So Ryosuke Hara, producer of Digimon Story: Time Stranger, just dropped one of the most level-headed takes in the eternal “Digimon vs Pokémon” discourse — a conversation that has haunted every playground since the late ’90s.
In an interview with MCV/Develop, he basically said:
“Yeah, people compare them. Yeah, it’s natural. But also? They’re not the same beast at all.”
And honestly, he’s right.
“Comparisons are understandable and expected” — but also kinda missing the point
Hara doesn’t pretend the two franchises don’t overlap. Monster collecting? Check. Fans who play both? Big check. Childhood nostalgia wars? Absolutely.
But he also stresses that their core concepts diverge hard once you scratch beyond the surface.
Pokémon leans into slow-burn growth, adventure vibes, and a world built around creatures that coexist with humans.
Digimon is… chaos, hacking, digital gods, cyber mysteries, and existential coming-of-age arcs wrapped inside a monster battle system.
They’re cousins, not clones — and Time Stranger wants to make that loud and clear.
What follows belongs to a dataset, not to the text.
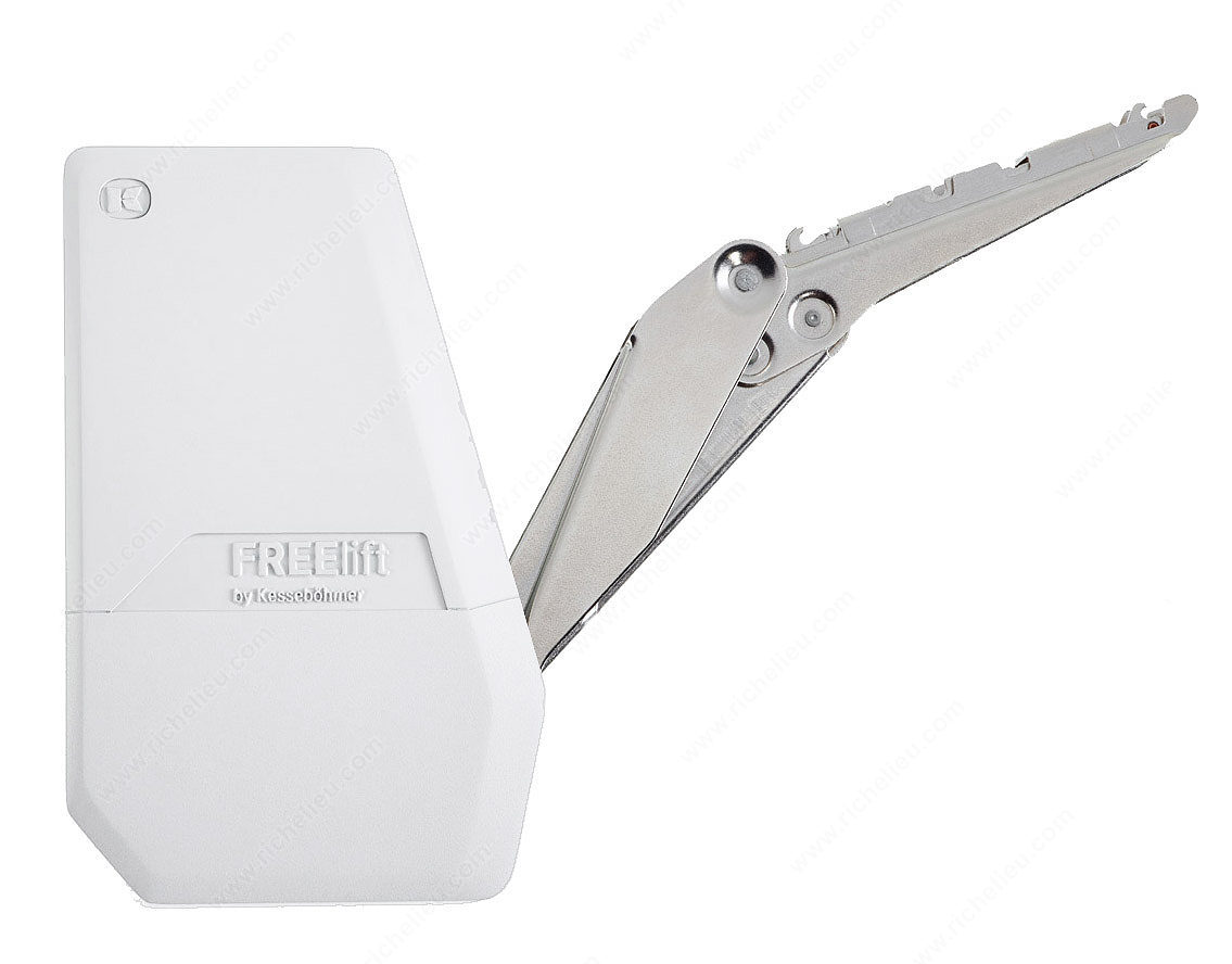 Richelieu 271662930 FREEflap Mini Lift System offers a practical and compact solution for modern cabinetry. Designed for wood doors, this system is engineered to provide reliable performance with a balanced lift mechanism that supports door heights ranging from 9 27/32 to 15 3/4 inches. The standout feature of the FREEflap Mini is its integrated multi-position stop, which allows the door to rest securely in any position, enhancing both convenience and functionality. With a hinge opening angle of +107°, this lift system facilitates smooth access and operation, making it an excellent choice for kitchens and other spaces where efficient design is essential. The crisp white finish complements a variety of decor styles, ensuring seamless integration into your cabinetry. The FREEflap Mini is designed for lift-up opening types, making it ideal for upper cabinets that require a reliable and easy-to-use solution. With a power factor ranging from 784 to 1,388, this system provides the necessary strength for smooth operation. Shipping is hassle-free via UPS, making it easy to incorporate this essential component into your next project. Upgrade your cabinetry with the innovative and sturdy Richelieu FREEflap Mini Lift System.

Time Stranger was built for newcomers, not just the Digi-faithful
Here’s the interesting part: instead of dumping lore on you about Royal Knights, Olympos XII, and entire timelines collapsing (as Digimon loves to do), the game starts off with a protagonist who… doesn’t know what Digimon even are.
This is a genius move.
Hara says that only focusing on “powerful Digimon fans already know” wouldn’t help newcomers, so instead the game plants mysteries early on — things that any RPG fan would chase, even if they’ve never seen Agumon in their life.
It’s less gatekeeping nostalgia, more “Hey, come in, we’ll explain the Digital World later, I promise.”
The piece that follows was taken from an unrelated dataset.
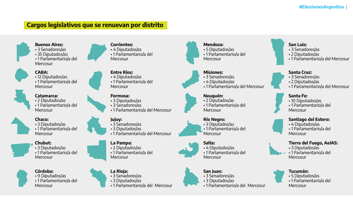 Cuál será la lista definitiva de candidatos/as con la que cada fuerza competirá en las elecciones generales del 22 de octubre, donde se elegirá el/la próximo/a presidente/a, vicepresidente/a, los/as representantes argentinos/as en el Parlasur y la composición parcial de la Cámara de Senadores y Diputados de la Nación.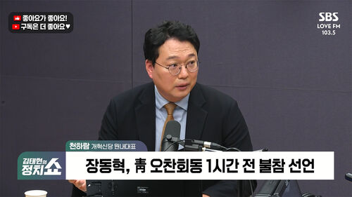 ▶천하람 : 네, 국민의힘도 없어요. 거기 그냥 언론에서 자꾸 욕먹고 하니까 그냥 하는 척만 하는 거지 별로 국민의힘 자체도. 지금 윤어게인 세력을 그렇게 두려워하는데 저희 개혁신당하고 엮이는 거 별로 안 좋아합니다, 실제로. 그쪽에서도 그렇게 좋아하지 않고요.

And yes, they make you wait before entering the Digital World
This is the part long-time fans will either love or side-eye:
Hara intentionally avoids throwing players into the Digital World right away.
Why?
To make you care about the real world first — so that when you do cross over into the digital unknown, it actually feels like a transition. A moment. A reveal.
It’s immersion > instant gratification, which is extremely on-brand for modern Digimon Story design.
So… is Time Stranger doing its job?
Critics think so — the game currently sits at 80 / 79 on Metacritic, and reactions have been mostly “Wait, this is actually good?” energy.
But more importantly?
It feels like Digimon finally has a title that invites new players to understand what makes the series different without relying on decades of lore dumps or nostalgic bias.
If Hara’s goal was to bridge the gap between the fandoms, Time Stranger might genuinely be the one to pull it off.
And if nothing else, it’s refreshing to see a producer embrace comparisons instead of pretending they don’t exist.
Because let’s be real — the world will never stop comparing Digimon and Pokémon.
But at least now, Digimon Story: Time Stranger gives people a better answer to “Okay, but what’s the difference?”